When you transcribe the listing, keep each line exact and drop the pictures.

--- DATA SEGMENT ---
# # # # # # #

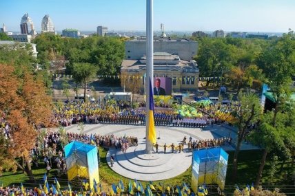 Под торжественные залпы в воздух и Гимн Украины желто-голубой стяг достиг вершины флагштока и возвысился над Днепром.
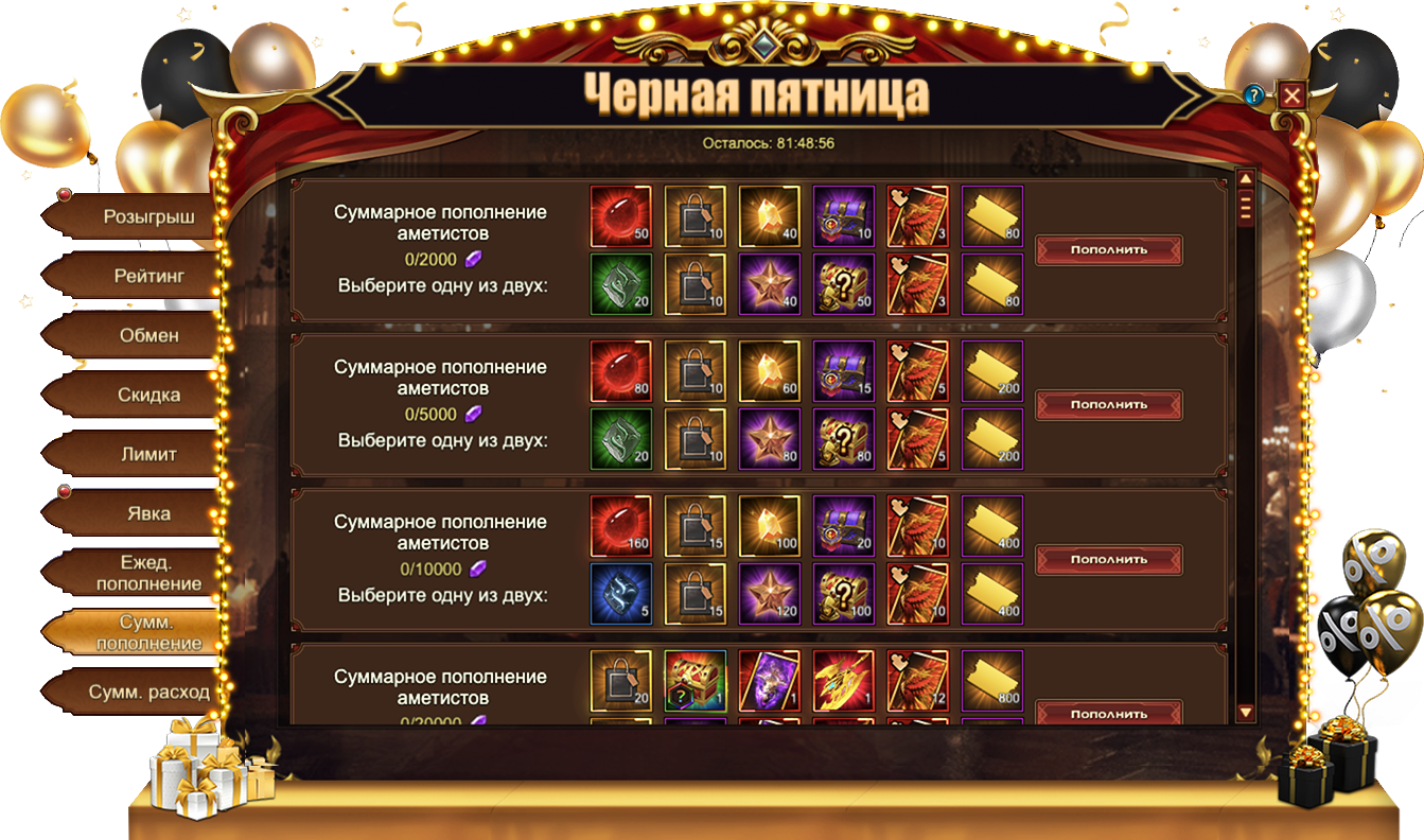 За пополнение счета на определенное количество аметистов за один день, вы можете получить: Сундук кристаллов 5 ур.Сундук камней элементаля 4 ур., [Героич.] Стигмат, КупонПакет, Цитрин, Песок темной звезды, Сундук кристаллов 9 ур., Сундук книг навыков, Кольцо господства, Сундук снаряжения питомца (оранж.)Сундук редкостейПисьмо с молитвой, Сундук самоцветов 8 ур., Сундук снаряжения героя (красн.), Сундук снаряжения скакуна (красн.).
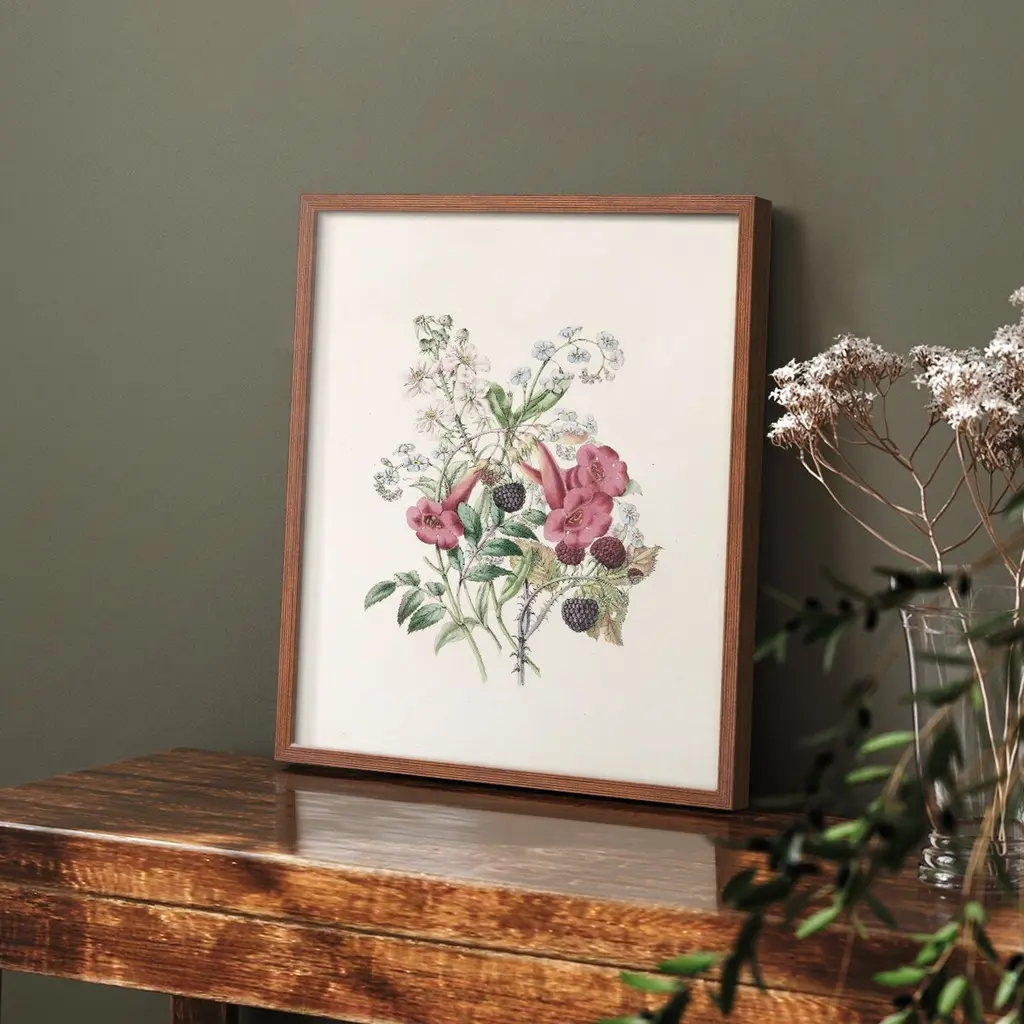 Vintage Floral Print CXCVI -Framed Print A qulity framed print in a solid wood frame 2 SIZES AVAILABLE Overall Size - 8x10 each piece Overall Size - 11x14 each piece Each piece is made to order. Built to Last Each piece comes ready to hang Solid wood Frame Fade and Water resistant Made domestically
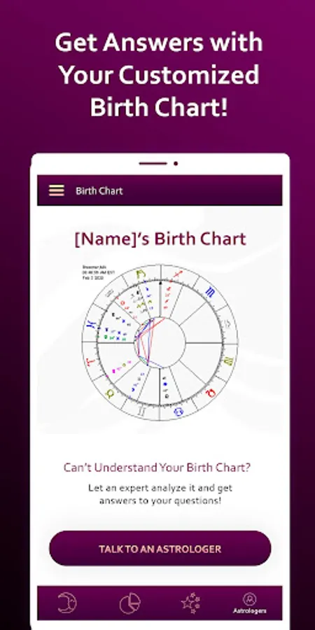 ✓ Get your customized birth chart based on the constellation of the stars at the time of your birth

# # # # # # #

--- OUTPUT FOR THIS TASK ---
 Под торжественные залпы в воздух и Гимн Украины желто-голубой стяг достиг вершины флагштока и возвысился над Днепром.
 За пополнение счета на определенное количество аметистов за один день, вы можете получить: Сундук кристаллов 5 ур.Сундук камней элементаля 4 ур., [Героич.] Стигмат, КупонПакет, Цитрин, Песок темной звезды, Сундук кристаллов 9 ур., Сундук книг навыков, Кольцо господства, Сундук снаряжения питомца (оранж.)Сундук редкостейПисьмо с молитвой, Сундук самоцветов 8 ур., Сундук снаряжения героя (красн.), Сундук снаряжения скакуна (красн.).
 Vintage Floral Print CXCVI -Framed Print A qulity framed print in a solid wood frame 2 SIZES AVAILABLE Overall Size - 8x10 each piece Overall Size - 11x14 each piece Each piece is made to order. Built to Last Each piece comes ready to hang Solid wood Frame Fade and Water resistant Made domestically
 ✓ Get your customized birth chart based on the constellation of the stars at the time of your birth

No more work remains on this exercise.